Os incidentes recentes demonstraram a enorme vulnerabilidade da UE, incluindo das instituições europeias, dos governos e parlamentos nacionais, das principais empresas e das infraestruturas e redes informáticas europeias, a ataques sofisticados.

O Parlamento Europeu insta a Comissão a investir na defesa e na resiliência das infraestruturas críticas a fim de «reduzir a vulnerabilidade da UE a graves ciberataques provenientes de grandes organizações criminosas, patrocinados por Estados ou perpetrados por grupos terroristas».

O PE condena «qualquer interferência nos sistemas levada a cabo ou dirigida por uma nação estrangeira, ou pelos seus agentes, para perturbar o processo democrático de outro país».

Os eurodeputados propõem uma série de medidas para combater a cibercriminalidade e proteger as infraestruturas críticas, como as redes de fornecimento de energia e as estruturas financeiras.

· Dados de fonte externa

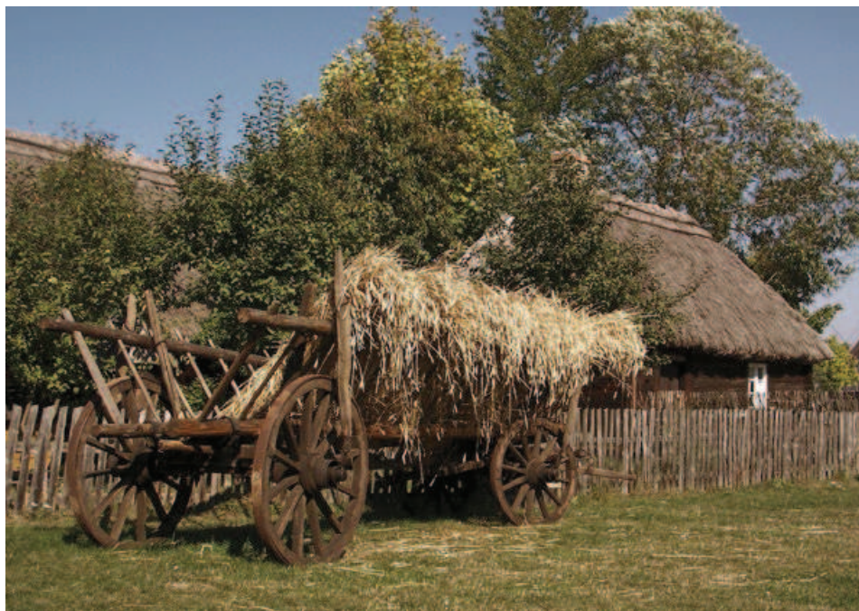
Ryc. 4. Wielkopolski Park Etnograficzny w Dziekanowicach Fig. 4. The Wielkopolska Ethnographic Park in Dziekanowice

Zawsze aktualna jest zatem potrzeba dokumentowania i zabezpieczenia dla następnych pokoleń śladów minionej rzeczywistości, wszystkiego, co odziedziczyliśmy po poprzednikach, i tego, co wytwarzamy dziś sami, albowiem, jak powiedzieliśmy, każde nasze dzieło natychmiast staje się historią. Jeśli więc zaginie, to zaginie też pamięć o nas.

Entre as recomendações do PE incluem-se a criação de equipas às quais as empresas e os consumidores possam comunicar as mensagens electrónicas e websites maliciosos, tal como previsto pela directiva da UE sobre a cibersegurança, para que os Estados-Membros sejam informados regularmente dos incidentes e das medidas para combater e atenuar os riscos para os seus próprios sistemas.

Os países da UE devem também ponderar a criação de uma «base de dados para registar todos os tipos de cibercriminalidade» e monitorizar a sua evolução, e as autoridades responsáveis pela aplicação da lei devem ter um acesso legal a informações pertinentes, como a identificação precisa do utilizador de um endereço IP, para que os cibercrimes não permaneçam impunes.

O PE pede o lançamento de campanhas de sensibilização para garantir que os cidadãos, em especial as crianças, mas também as administrações centrais e locais e as empresas, estejam sensibilizados para os riscos da cibercriminalidade e saibam como manter a segurança online e proteger os seus dispositivos.

A Eurojust e a Europol devem ser dotadas de meios adequados para melhorar a identificação das vítimas e combater as redes organizadas de agressores sexuais, e os conteúdos ilegais online devem ser imediatamente suprimidos através do devido procedimento legal.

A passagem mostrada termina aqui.